HPE’nin çağdaş şiirin türlü eğilim, grup ve poetik anlayışlarına ve geleneğe dayalı biçimlerine benzemeyen bir çeşit dönem şiirinin tür dışı formunu temsil eden yapısı, zorlama bir yorum gibi görünse de onu, bir tür tüm bağımlılıkları reddeden anarşizan bir ethosa taşır. Burada HPE’nin estetik başarısının, türün bazı yönlerden erişilmez bir örneği olmasının nedenlerine ulaşmamızda bizi zorlayan nedir, sorusu ister istemez gündemi meşgul etmektedir. Çoğu eleştirmen ve yorumcunun bu soruya cevabı, HPE’den bazı leitmotif örnekleri sıralamak ve bu klişeler üzerinden şiirinin bütünsel yapısını, değerini dışarıda bırakan, soyut, indirgemeci ya da salt övgüsel söylemler üretmek biçiminde olmaktadır. Ancak HPE’yi salt retorik gücü, lirik büyüsü ve çeşitliliği ve işaret ettiği düşünsel, sosyolojik, ideolojik kodlar üzerinden tanımlamak artık mümkün görünmüyor. Zira HPE’nin kendine özgü estetiğinin okur, eleştirmen ve yorumcuların onu yerleştirmek istediği konum ve düşünsel, estetik yaklaşımları sistematik olarak yetersiz ve yer yer geçersiz kılan, bütün onların toplamının hem içinde hem üstünde bir özelliğe sahip olduğunu ortaya çıkarmak gerekiyor.

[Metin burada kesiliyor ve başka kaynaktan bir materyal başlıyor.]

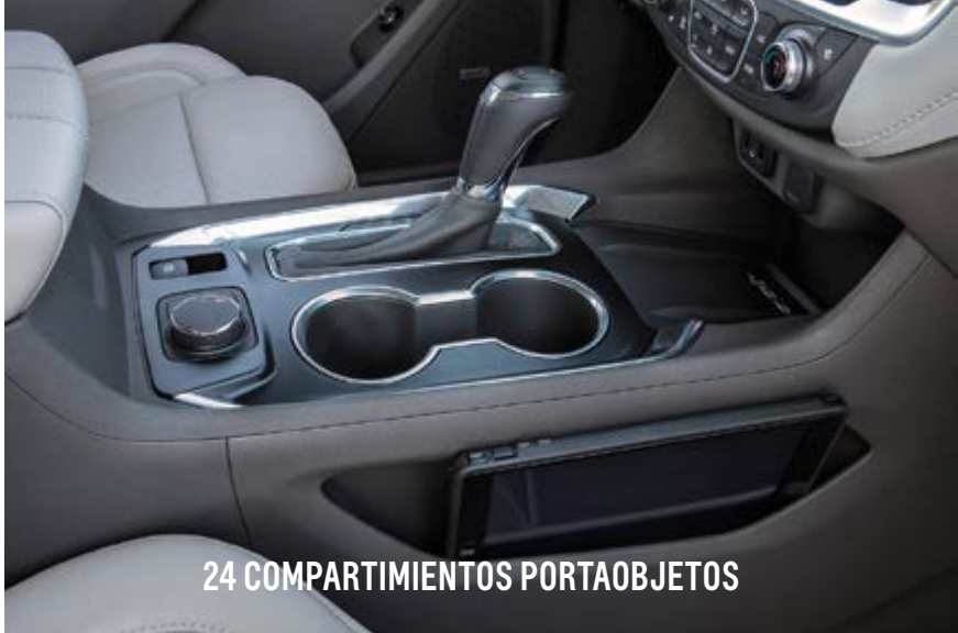
24 COMPARTIMIENTOS PORTAOBJETOS

Belki de Ahmed Arif şiirinin büyük başarısı ve muamması, şiirlerinin şairin kendi kişiliğinin yalın, dobra, mitsel ögeleriyle örtüşmesidir. Şiirindeki her imgelem şairin düşmanlarını huzursuz eden, dostlarını sevindiren kışkırtıcı karakteriyle öylesine uyumludur ki okur, şiirinde şairin, şairde şiirinin temsilini bulur ve her ikisine aynı anda bakmanın esrikliğini yaşar. Benzer bir uyuşum bir başka dev şair Nazım Hikmet’in şiiri ve şahsi yapısı arasında da var. Bu durum şiir ve şairle ilgili her zaman ‘mutlaka daha fazlasına işaret ediyordur’ algısı yaratır ve ilgi daima canlı kalır. HPE’nin başarısı bir yönüyle de şairinin gizemli kişiliğinde yatar. Susanna Tamaro’un ‘Bakışınla Aydınlanır Dünya’ romanında dediği gibidir biraz: “Çünkü muhtemelen yaratıcılık ve rahatlık uyuşabilen iki gerçeklik değiller” Şairin, şiir dışı yaşamının özellikle siyasi boyutu yönüyle zahmetli, zor, katlanılması güç eziyetlerle dolu olması, onun şiiriyle yaşamı arasında hem simbiyotik bir ilişki yaratmış hem de şiirine ve şiir dışı yaşamına ait mitsel bir söylem zemini üretmiştir. Öznel yaşamının şiirsel mitosu ile şiirinin anlamsal içeriği birbirine içkin gelişmiştir. Kısacası A. Arif’in şiirsel yaratıcılığı, kendi öznel yaşamından büyük oranda beslenmiştir. Ve yine Tamaro’nun deyişiyle: “Söz karanlıkla beslenir. Ve onların kimi, zaman şaşırtıcı bir ışıkla parlamalarına izin veren tam da budur.” (Can Yayınları, 2019,s.23) şairin hem net, kararlı hem de dışa kapalı, suskun, muammalı karakteri şiirimizin toz duman içindeki kozmosunda şiiriyle birlikte güçlü bir ışıkla beliren bir yıldız gibi parıldamasına varan yolu açmıştır. Şiiri de şairi de parlatan hayatlarında güçlü bir kontrasın var olmasıdır. Kontras yoksa şairin de şiirin de belli bir düzen içinde var olan, sıradan ve genel geçer ölçülerle yaşam bulan onaylanmış bir hayatı oluyor. Ahmed Arif ve HPE miti, hem kendi yaşamı hem şiirinin anlamsal konumu itibariyle kendi varoluş amacını karşılayan doğru bir hesabın sonuçlarıdır. Ahmed Arif’in mitsel ruh yoğunluğunun kökeninde, ait olduğu soylu insani geleneğin sağlam yapısından edindiği granit kadar sert, aşınmaz özsaygısı vardır. HPE de bu devrilmez, yıkılmaz, yenilmez epik varlığın öz suyundan yaşam bulan şiirdir.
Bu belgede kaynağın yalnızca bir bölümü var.